- Wednesday, January 3, 2024

As hard as it is to believe, it’s another presidential election year already. Doesn’t it seem like we just did this?

But here we go again. And it’s all worse than you could’ve imagined. Right now, the choices are President Biden — who has proved for three years that he is not remotely up to the task — and former President Donald Trump, who faces more trials than Odysseus did.

They are the choices. Seriously. Mr. Biden is 81, and Mr. Trump will be 78 on Election Day in November. Apparently, America can’t find one person out of 320 million who can do the job, so we’re stuck with two very old (and very rich) White men.

It’s a rematch. Unless.

First, Mr. Biden could just drop out. Any day right up until the Democratic National Convention meets in August in Chicago to nominate their candidate, Mr. Biden could say he’s gone. The clearly out-of-it Mr. Biden could say that his doctors have informed him that his health is not good enough for him to run for reelection, and he could endorse another candidate — say, California Gov. Gavin Newsom (he sure isn’t going to back his vice president, Kamala Harris).

That’s the easy one.

Second, if he does run, the terrible economy Americans have suffered through during his term could stop him cold. Few people think the horribly named “Bidenomics” is working (how dumb was it for the president to name the absurdly bad economy after himself).

It’s so bad that even Mr. Biden has appeared to abandon the term in his speeches, having not used it since Nov. 1, The Hill reported last month. Americans don’t need a stupid term to tell them that the cost of everything has soared while wages have remained stagnant.

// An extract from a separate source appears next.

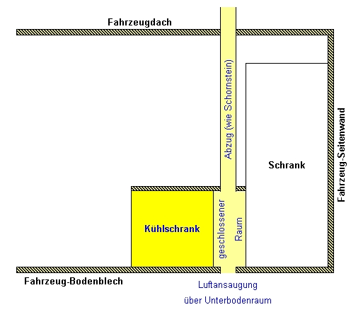 Ich bin noch am sondieren, was den Ausbau eines T4 betrifft. Also nicht alles auf die Goldwage legen, vieles ist noch zwischen Theorie und Planung. Einen Kühlschrank baut man an die KFZ-Außenwand. Das ist üblich. Dann bringt man zwei Lüftungsgitter an. Eins ganz unten, und eins oben, möglichst über Oberkante Kühlschrank. Der Abstand zw. Kühlschrank und Fahrzeug-Außenwand sollte ca. 2 cm betragen, wegen dem Kamineffekt und damit die Luft besser zirkuliert. Alles so weit bekannt. Wenn die Kühlschrank-Rückwand nun aber nicht an die Fahrzeug-Außenwand zeigt, was dann? Da gibt es noch die Lösung mit dem Kamin. Hat das schon mal jemand gemacht? Welche Erfahrung? Eigentlich (laut Meinung im inet) soll ein Kamin besser zirkulieren als die Lösung mit den zwei Lüftungsgittern. Hier eine kleine Skizze --> Link Viele Grüße Bernd EDIT: Hätte das Bild gerne hochgeladen, "Dateianhang hochladen" geht bei mir aber irgendwie nicht Sieht doch schon gut aus..... :ja: Ist sicherlich ne Möglichkeit. Aber wenn Du den Kühli um 90 Grad drehen könntest, wäre ja auch die Seitenwandlösung denkbar.... :gruebel: Grüsse Felix52 :) Hallo Bernd, ich habe keine Erfahrung mit einem Dachkamin für den Kühlschrank. Im Prinzip müßte diese Art gut funktionieren. Hier im Forum habe ich aber auch gelesen, dass es mit dem Effekt bei einem Dachkamin nicht so war, wie man es sich vorgestellt hat. Es war sogar, wenn ich mich nicht täusche, sogar die Rede von einer Verlängerung ( Aufsatz ) des Dachkamines, um eine bessere Zirkulation zu erreichen. Ob es stimmt: Fragezeichen. Kenne nur das System mit oberem und unteren Lüftungsgitter und Abgaskamin neben dem oberen Gitter. Aber zu der Anordnung ( Zeichnung ) des Kühlschrankes habe ich eine Frage. Ist die Zeichnung so zu deuten, dass man den KS von der Seite sieht oder die Rückseite des KS :?: . In beiden Fällen ist aber zu bedenken, dass bei einer evtl. Reinigung des Abgaskamines bzw. der Brennerdüse dies ohne eine separate Serviceklappe dies nicht möglich ist. Wo ist der Abgaskamin auf Deiner Zeichnung zu sehen oder wird der KS nur mit 12 V oder 230 V betrieben :?: . Gruß Manfred Abgaskamin bei einem Kühli, ist nur für das Abgas, aber hat an sich mit der zirkulation nicht viel zu tun. Die Zirkulation ist hauptsächlich für die Kühlung der Rippen des Kühlis, denn wenn die nicht genug kühlung bekommen ( abführen der warmen Luft ) dann kühlt das Teil eben viel schlechter. Deswegen werden auch bei den Geräten des öfteren kleine Gebläse angebaut, um die Zirkulation zu stärken. Das Bild war für meine Anfrage an Dometic. Nicht ganz optimal, um hier im Forum ins Detail zu gehen. Hab die Skizzen also nochmal neu gemacht, ist ja mit Excel kein Problem. Bild 1 Normaler Einbau, also mit zwei Lüftungsgittern ![]() Bild 2 Alternativer Einbau, mit Kamin. ![]() Den Grund sieht man auch: Es ist der um 30cm breitere (also "tiefere") Schrank Warum ich so kompliziert denke, werden einige fragen? Es wäre doch am einfachsten, den Kühlschrank vorzuziehen, und dahinter den Platz einfach freizulassen. Also den Kühlschrank vorziehen, und trotzdem die beiden Lüftungsgitter verwenden. Wahrscheinlich werde ich das auch tun, schon allein weil ich mit der Kaminlösung auch keine Wartungsklappe habe. Zumindest habe ich noch keine Idee, wo die Klappe sein könnte. Was mir allerdings zu denken gibt, ist die Tatsache, dass in einem so großen Zwischenraum wohl kaum (bzw. gar keine) Kaminwirkung entsteht. Im Zweifel - der sonnige Süden lässt grüßen - kühlt der Kühlschrank nicht mehr runter, weil sich dahinter die heiße Luft staut. Schwierig, sowas nur am Denkmodell entscheiden zu müssen. EDIT: So das mit den Bildern habe ich jetzt auch hingekriegt :) EDIT 2 (19:57): Außerdem könnte ich mir vorstellen, dass es termische Vorteile hat, die Luft von unten reinzuholen. Auch wenn es laut einiger Tests kaum Unterschied macht, ob die Luftgitter der prallen Sonne ausgesetzt sind :cry: sagt mir mein Bauchgefühl, dass Luft unter dem Auto immer kälter ist als in der prallen Sonne. Hallo BerndDerBus Die Luft von unten könnte Vorteile bringen, mit einen Leitblech zwischen Aussenwand und Kühlrippen so anpassen,damit die Luft nur durch die Kühlrippen kommt. Gruß Willi Hallo Bernd, gibt es einen Grund, weshalb du keinen Kompressor Kühli verwenden willst ? Gruß Roman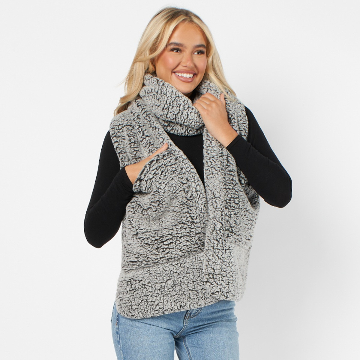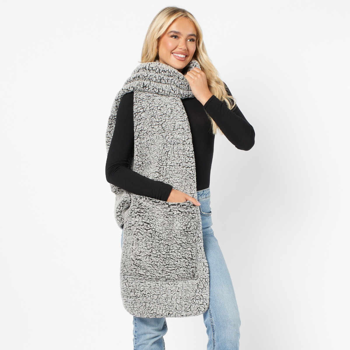 The OHS Teddy Marl Pocket Scarf in Blush, designed in a versatile one-size-fits-all, is a cozy and stylish accessory for colder days. Crafted with soft, textured fabric and adorned with handy pockets, it's perfect for keeping you warm and stashing small essentials. Elevate your winter wardrobe with this blush-hued, functional fashion piece.

“People don’t feel like they’re doing well,” Kathryn Ann Edwards, an independent economic policy consultant, told The Hill. “Well, put a name to that: It’s being left behind, and it’s being told over and over again, ‘You’re being left behind.’”

Third, Mr. Biden’s dismal poll numbers might just derail his reelection bid. They should: Mr. Biden is among the least popular presidents in modern times at this time in their first term. Mr. Biden’s approval rating has plunged to a record low of 34%, according to a Monmouth University poll released last week. How bad? Seventy percent disapproved of Mr. Biden’s handling of inflation.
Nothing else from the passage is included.